== Segment start ==

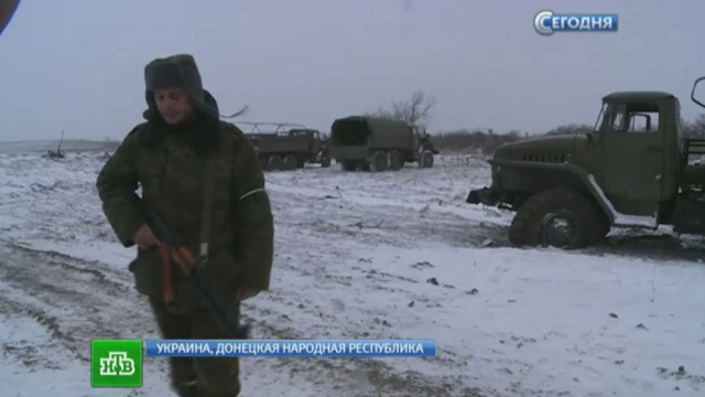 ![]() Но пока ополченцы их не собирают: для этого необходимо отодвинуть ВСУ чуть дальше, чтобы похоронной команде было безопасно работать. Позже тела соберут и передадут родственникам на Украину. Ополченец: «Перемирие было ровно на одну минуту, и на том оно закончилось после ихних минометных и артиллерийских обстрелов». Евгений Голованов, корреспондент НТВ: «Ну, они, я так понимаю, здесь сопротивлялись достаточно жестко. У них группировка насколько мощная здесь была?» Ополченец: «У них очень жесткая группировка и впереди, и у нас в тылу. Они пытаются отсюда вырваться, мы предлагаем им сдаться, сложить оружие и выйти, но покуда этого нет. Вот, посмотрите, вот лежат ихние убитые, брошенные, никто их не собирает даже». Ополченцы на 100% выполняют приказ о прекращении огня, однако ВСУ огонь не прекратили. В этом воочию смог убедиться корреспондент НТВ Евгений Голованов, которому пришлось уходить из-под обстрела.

== Segment end ==
== Segment start ==

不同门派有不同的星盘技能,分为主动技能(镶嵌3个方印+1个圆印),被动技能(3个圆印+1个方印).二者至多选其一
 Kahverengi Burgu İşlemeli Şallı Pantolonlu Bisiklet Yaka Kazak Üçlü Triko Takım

== Segment end ==

What you have to do:
Scan the entries above for the line containing "不同门派有不同的星盘技能,分", and copy it and all lines after it exactly, down to and including the line containing "Kahverengi Burgu İşlemeli".

Exercise solution:
不同门派有不同的星盘技能,分为主动技能(镶嵌3个方印+1个圆印),被动技能(3个圆印+1个方印).二者至多选其一
 Kahverengi Burgu İşlemeli Şallı Pantolonlu Bisiklet Yaka Kazak Üçlü Triko Takım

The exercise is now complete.